- Written by: Alice Hunt Joan Lake Frances O'Donnell Esther Wortell Suzanne Barancik
- Directed by: Shirley Dimich
- Presented by: Bonnie Hunt
- Theme music composer: Diane Pike
- Country of origin: United States
- Original language: English
- No. of seasons: 2
- No. of episodes: 452

Production
- Executive producers: Alice Hunt Joan Lake Norma Paratore Barbara Perler
- Producers: Suzanne Barancik Linda Boyer Cathy Brillowski Roz Crandus Sheila Monk Frances O'Donnell Maybeth Pizzi Esther Wortell
- Production location: Culver City, California
- Editor: Louise Cole
- Running time: 42 minutes
- Production companies: Bob & Alice Productions Paramedia Telepictures Productions

Original release
- Network: Syndication
- Release: September 8, 2008 – May 26, 2010

= The Bonnie Hunt Show =

American syndicated talk show (2008–2010)

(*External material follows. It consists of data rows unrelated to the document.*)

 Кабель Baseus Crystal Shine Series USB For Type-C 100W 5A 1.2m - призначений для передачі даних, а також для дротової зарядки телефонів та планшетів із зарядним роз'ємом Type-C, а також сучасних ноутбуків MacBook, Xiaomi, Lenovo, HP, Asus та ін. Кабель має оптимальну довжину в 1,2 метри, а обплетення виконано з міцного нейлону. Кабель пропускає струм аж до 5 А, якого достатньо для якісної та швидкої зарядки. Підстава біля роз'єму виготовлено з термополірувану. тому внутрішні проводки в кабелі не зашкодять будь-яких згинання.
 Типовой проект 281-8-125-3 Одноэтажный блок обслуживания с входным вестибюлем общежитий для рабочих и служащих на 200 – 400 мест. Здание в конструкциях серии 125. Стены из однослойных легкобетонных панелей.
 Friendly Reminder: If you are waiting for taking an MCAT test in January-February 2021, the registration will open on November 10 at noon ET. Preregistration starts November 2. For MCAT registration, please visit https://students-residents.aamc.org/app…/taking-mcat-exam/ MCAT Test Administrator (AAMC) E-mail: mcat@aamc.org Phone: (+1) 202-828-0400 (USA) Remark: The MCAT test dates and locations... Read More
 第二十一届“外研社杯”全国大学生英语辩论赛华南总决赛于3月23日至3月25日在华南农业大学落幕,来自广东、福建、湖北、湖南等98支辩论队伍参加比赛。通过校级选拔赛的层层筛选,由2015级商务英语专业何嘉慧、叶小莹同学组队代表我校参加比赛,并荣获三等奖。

The Bonnie Hunt Show is an American syndicated talk show hosted by Bonnie Hunt. It premiered on September 8, 2008. The show's second and final season premiered on September 8, 2009.

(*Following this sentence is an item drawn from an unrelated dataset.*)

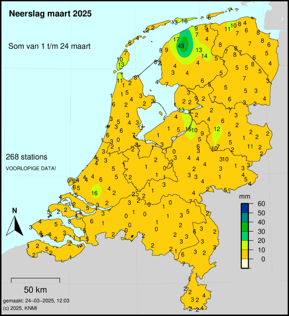 Tot en met maandag viel er op Groningen Airport Eelde (het officiële KNMI-meetstation voor onze omgeving) slechts 6,4 mm neerslag. Normaal valt er in maart ongeveer 65 mm regen. Daarmee staat deze maand in de tussenstand op de eerste plaats sinds het begin van de metingen in 1901. De droogste maand maart was in 1996, toen er 7,1 mm regen viel. Ook maart 2012 en 2022 waren erg droog, met respectievelijk 10,6 en 11,9 mm in 31 dagen.

It was announced on December 7, 2009 that The Bonnie Hunt Show would not return for a third season and its final episode aired on May 26, 2010 with reruns airing through September 3.

==Broadcast history==
The Bonnie Hunt Show first aired on September 8, 2008. Her first guest was Robin Williams and her first musical guest was Meiko. In 2009, December 15, Kaitlyn Maher from the American television reality show America's Got Talent, performed "Ave Maria" at only 5 years old. This show has the same concept as of other talk shows such as The Ellen DeGeneres Show. The show has a monologue at the beginning of the show and guest interviews or a game throughout the show. The show has cleared in 85% of the US ahead in its launch and sold to 17 of the top 20 markets. The show is taped in Culver City, California. In June 2009, it was announced the show had been renewed for a second season. The show was awarded a Gracie Award for Best Talk Show in 2009. In the show's first season, The Bonnie Hunt Show was nominated for three Daytime Emmy Awards in outstanding achievement in main title and graphic design, outstanding achievement in makeup, and outstanding achievement in hairstyling. The show did not win in any of the three categories, losing to The View. The Bonnie Hunt Show returned for its second season on September 8, 2009. The Bonnie Hunt Show was again nominated for three Daytime Emmy Awards in its second season, including one for best talk show host, which it did not win.

==Segments==
Bonnie talks to her mom during the Ask Alice segment. In Ask Alice, Bonnie talks about television shows and answers viewer questions. During the segment titled: Mail From You Guys, Bonnie answers viewer e-mail. The show also plays games such as Dr. Know It All in which Bonnie, Don Lake, and an audience member do improvisation. On special occasions, a segment Make It Happen involves audience members learning a dance. In Young People Don't Know Nothin' Bonnie asks questions about past TV shows, singers, and popular topics from the 1980s and earlier to three young audience members. On special occasions, Niecy Nash and Bonnie will perform a parody of The Real Housewives of Atlanta in which Bonnie plays Kim, and Niecy plays NeNe.

==Set design==
The show's set was a Dean Martin tribute. On the wall were pictures of her dog, Charlie, and more of her family. The guests used many entrances such as the door, the stairs, or the fireman's pole. Bonnie had never gone down the fireman's pole nor the stairs. Instead Bonnie entered through an entrance near her desk.